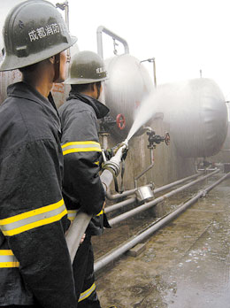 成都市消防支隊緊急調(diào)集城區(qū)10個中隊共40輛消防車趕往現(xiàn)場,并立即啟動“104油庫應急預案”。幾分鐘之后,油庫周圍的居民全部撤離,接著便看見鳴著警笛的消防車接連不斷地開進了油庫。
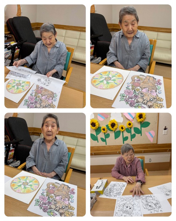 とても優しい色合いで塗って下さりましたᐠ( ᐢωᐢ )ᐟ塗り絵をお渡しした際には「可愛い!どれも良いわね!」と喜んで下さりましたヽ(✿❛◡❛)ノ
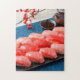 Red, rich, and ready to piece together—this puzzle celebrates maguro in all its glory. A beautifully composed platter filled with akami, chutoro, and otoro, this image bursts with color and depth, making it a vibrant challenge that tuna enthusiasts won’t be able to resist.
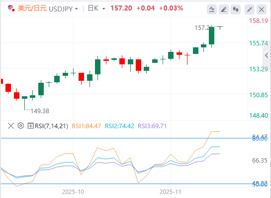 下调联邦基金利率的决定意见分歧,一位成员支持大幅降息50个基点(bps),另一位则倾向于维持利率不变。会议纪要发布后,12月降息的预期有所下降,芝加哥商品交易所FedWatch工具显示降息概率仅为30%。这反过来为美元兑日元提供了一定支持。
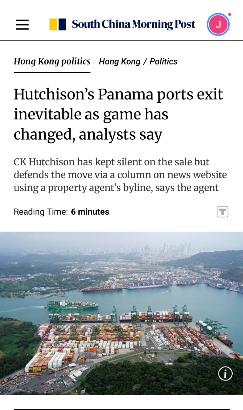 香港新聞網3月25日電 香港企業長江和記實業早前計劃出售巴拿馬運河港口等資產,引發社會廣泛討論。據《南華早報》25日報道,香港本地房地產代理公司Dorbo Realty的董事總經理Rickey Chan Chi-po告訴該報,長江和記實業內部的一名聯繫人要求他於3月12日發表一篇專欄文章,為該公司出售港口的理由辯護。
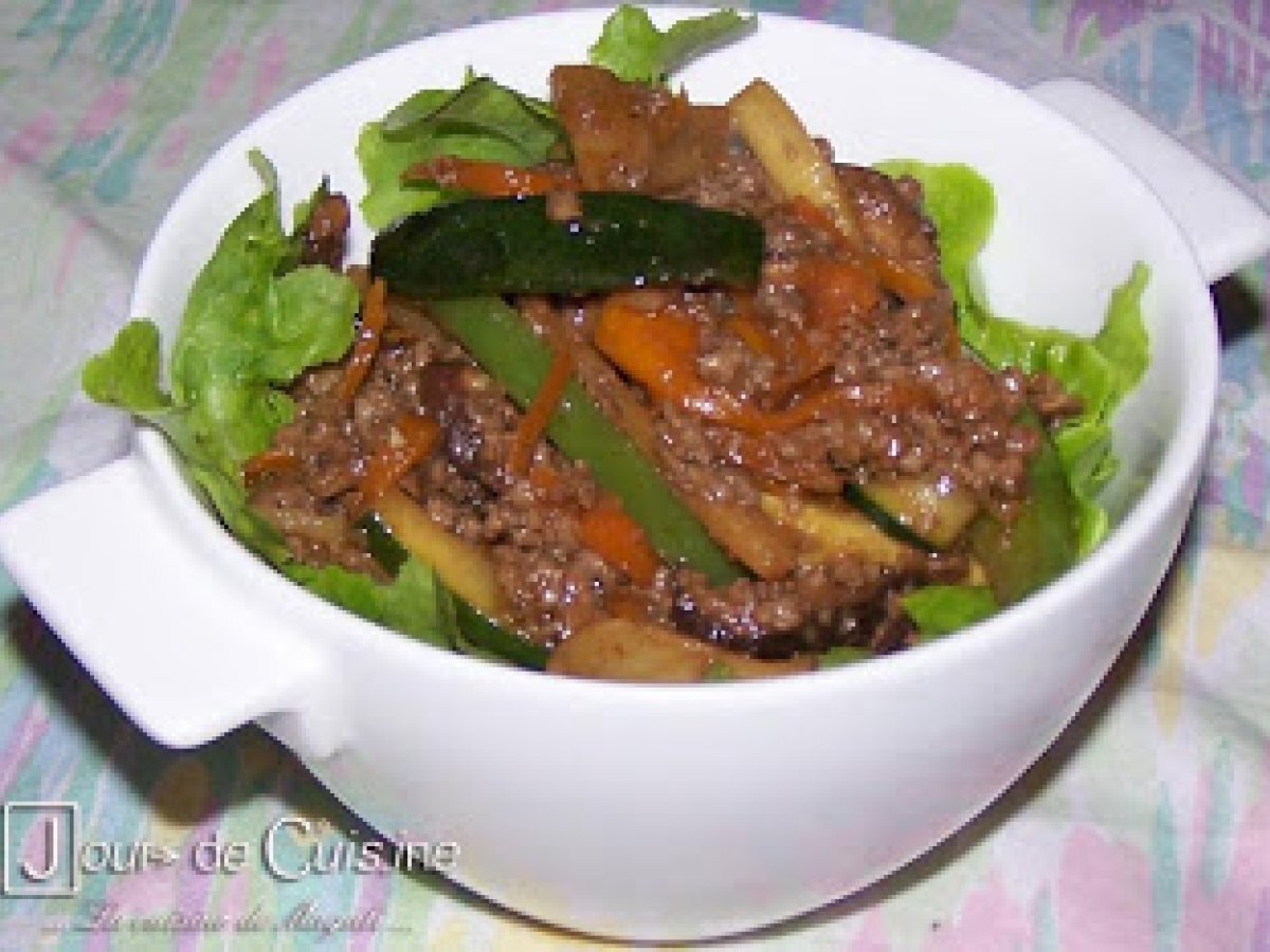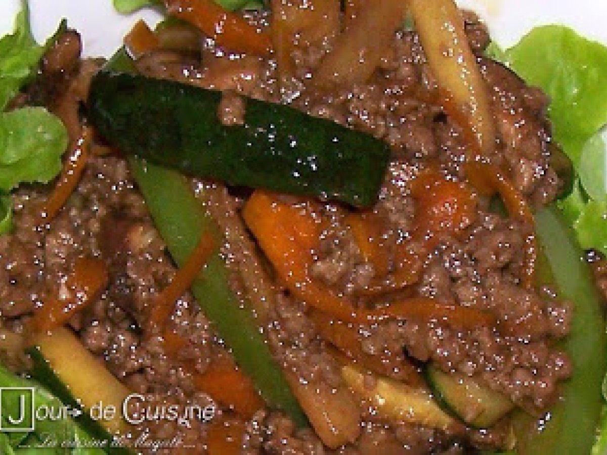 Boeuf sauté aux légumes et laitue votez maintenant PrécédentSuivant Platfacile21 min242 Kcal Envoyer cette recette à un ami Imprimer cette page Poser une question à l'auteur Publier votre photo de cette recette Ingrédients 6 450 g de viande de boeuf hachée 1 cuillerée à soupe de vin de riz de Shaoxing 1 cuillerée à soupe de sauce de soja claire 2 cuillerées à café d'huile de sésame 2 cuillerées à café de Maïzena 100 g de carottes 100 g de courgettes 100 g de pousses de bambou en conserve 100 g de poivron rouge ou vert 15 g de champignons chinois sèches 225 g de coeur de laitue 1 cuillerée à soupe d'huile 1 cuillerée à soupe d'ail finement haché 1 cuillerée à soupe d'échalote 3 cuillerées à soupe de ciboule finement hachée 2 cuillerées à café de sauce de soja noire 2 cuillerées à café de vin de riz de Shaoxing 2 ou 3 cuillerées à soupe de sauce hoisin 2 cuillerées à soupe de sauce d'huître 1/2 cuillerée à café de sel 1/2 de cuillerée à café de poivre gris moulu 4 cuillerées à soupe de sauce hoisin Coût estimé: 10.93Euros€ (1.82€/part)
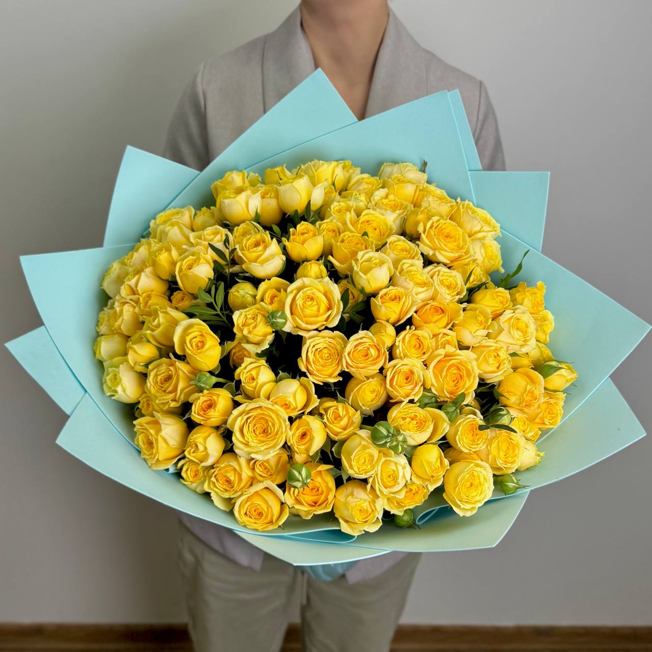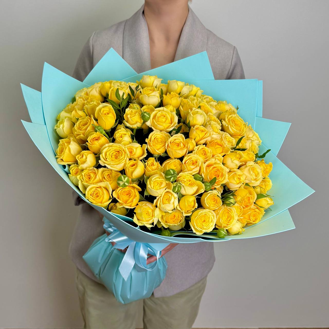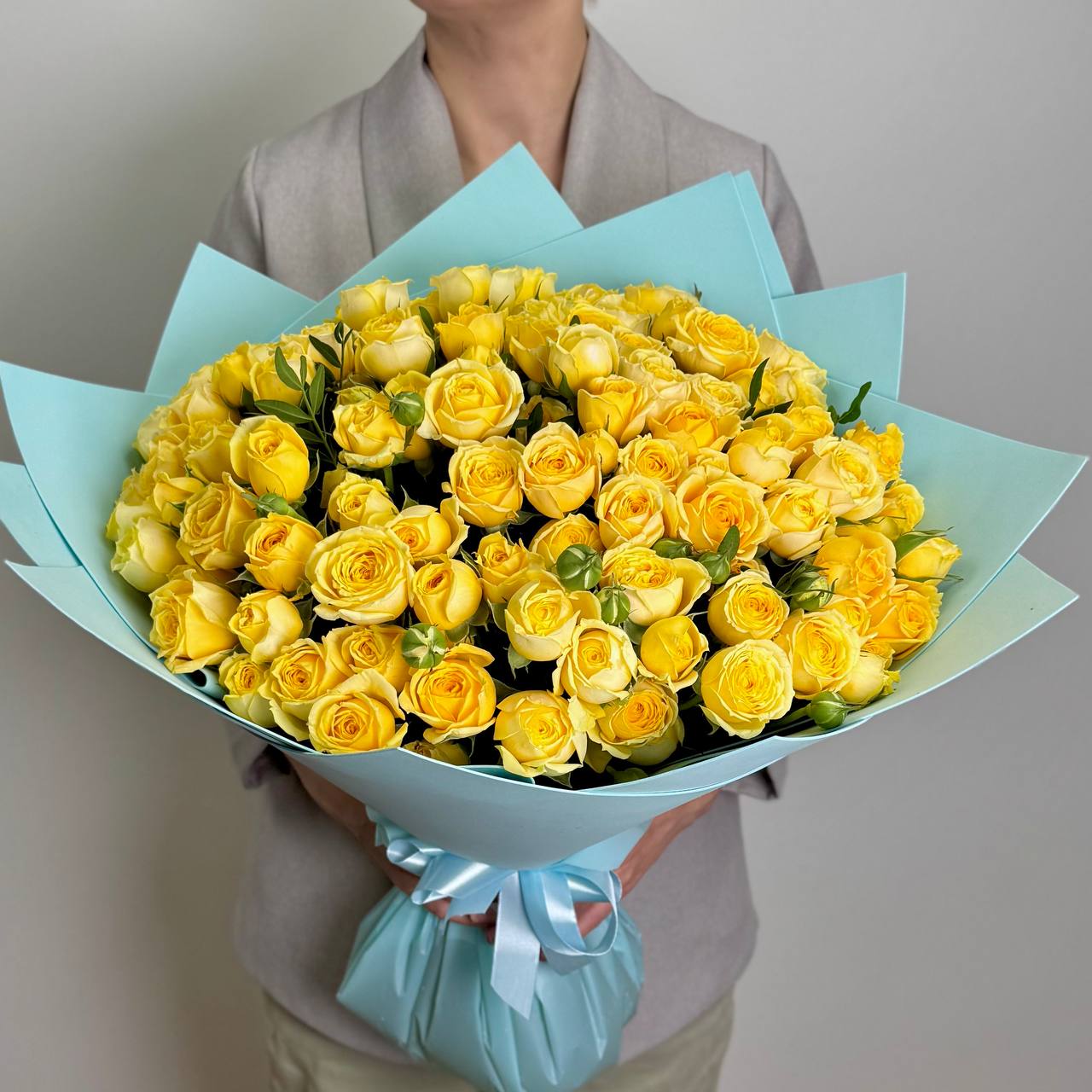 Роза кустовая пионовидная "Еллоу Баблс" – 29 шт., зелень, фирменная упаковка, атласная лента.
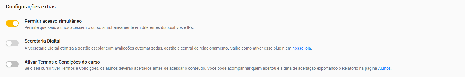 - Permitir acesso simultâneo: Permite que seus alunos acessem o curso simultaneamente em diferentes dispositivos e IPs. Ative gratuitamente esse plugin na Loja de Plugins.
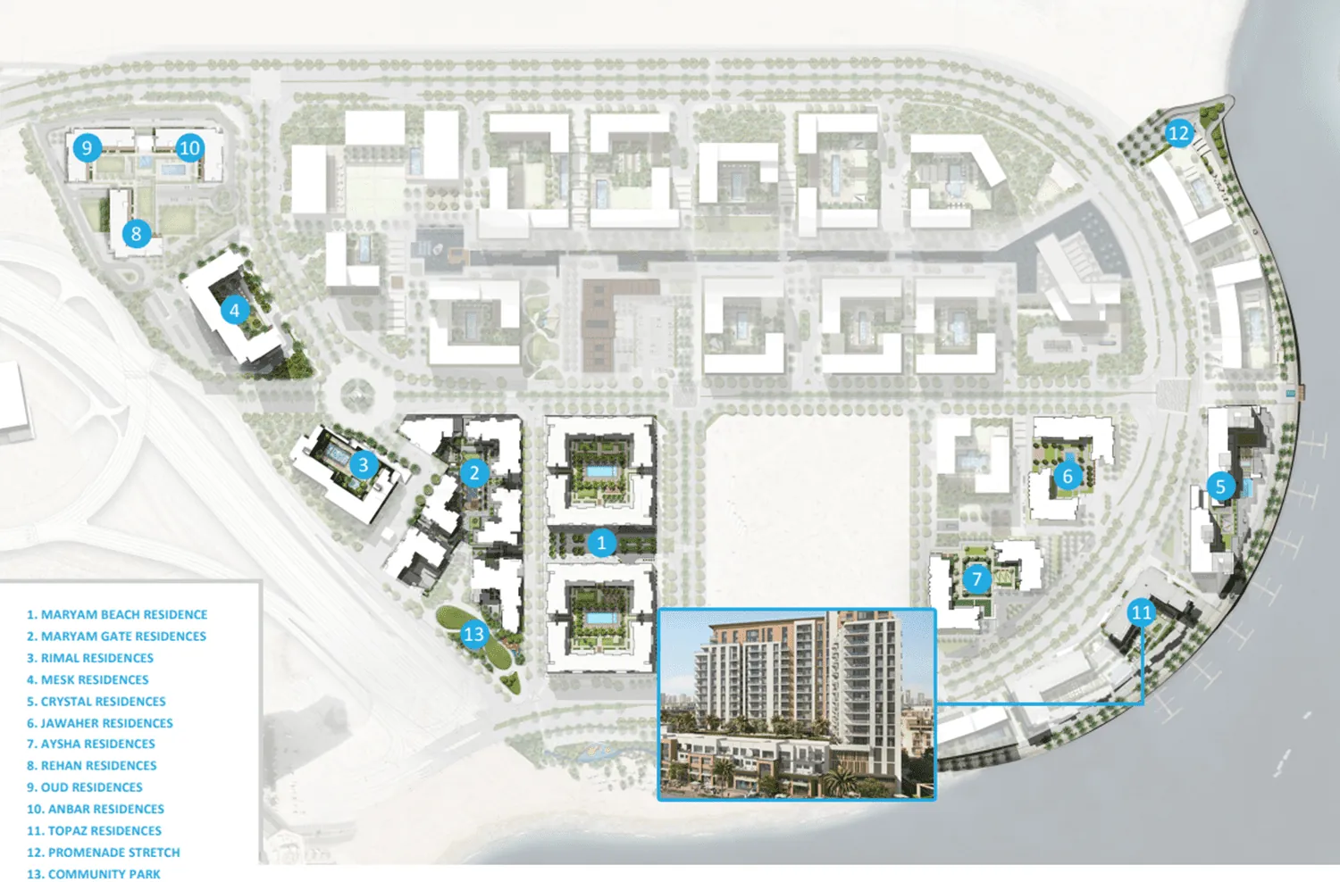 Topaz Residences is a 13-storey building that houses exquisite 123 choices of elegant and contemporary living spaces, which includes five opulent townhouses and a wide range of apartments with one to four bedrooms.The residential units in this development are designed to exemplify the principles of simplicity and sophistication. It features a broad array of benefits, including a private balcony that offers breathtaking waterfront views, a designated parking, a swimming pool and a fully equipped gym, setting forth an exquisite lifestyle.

━━━━━━━━━━━━━━━━

**WHAT NEEDS TO BE DONE**
From the line with "- Permitir acesso" to the last line above, restate each line word for word, but skip the pictures.

**SOLUTION TO THE EXERCISE**
 - Permitir acesso simultâneo: Permite que seus alunos acessem o curso simultaneamente em diferentes dispositivos e IPs. Ative gratuitamente esse plugin na Loja de Plugins.
 Topaz Residences is a 13-storey building that houses exquisite 123 choices of elegant and contemporary living spaces, which includes five opulent townhouses and a wide range of apartments with one to four bedrooms.The residential units in this development are designed to exemplify the principles of simplicity and sophistication. It features a broad array of benefits, including a private balcony that offers breathtaking waterfront views, a designated parking, a swimming pool and a fully equipped gym, setting forth an exquisite lifestyle.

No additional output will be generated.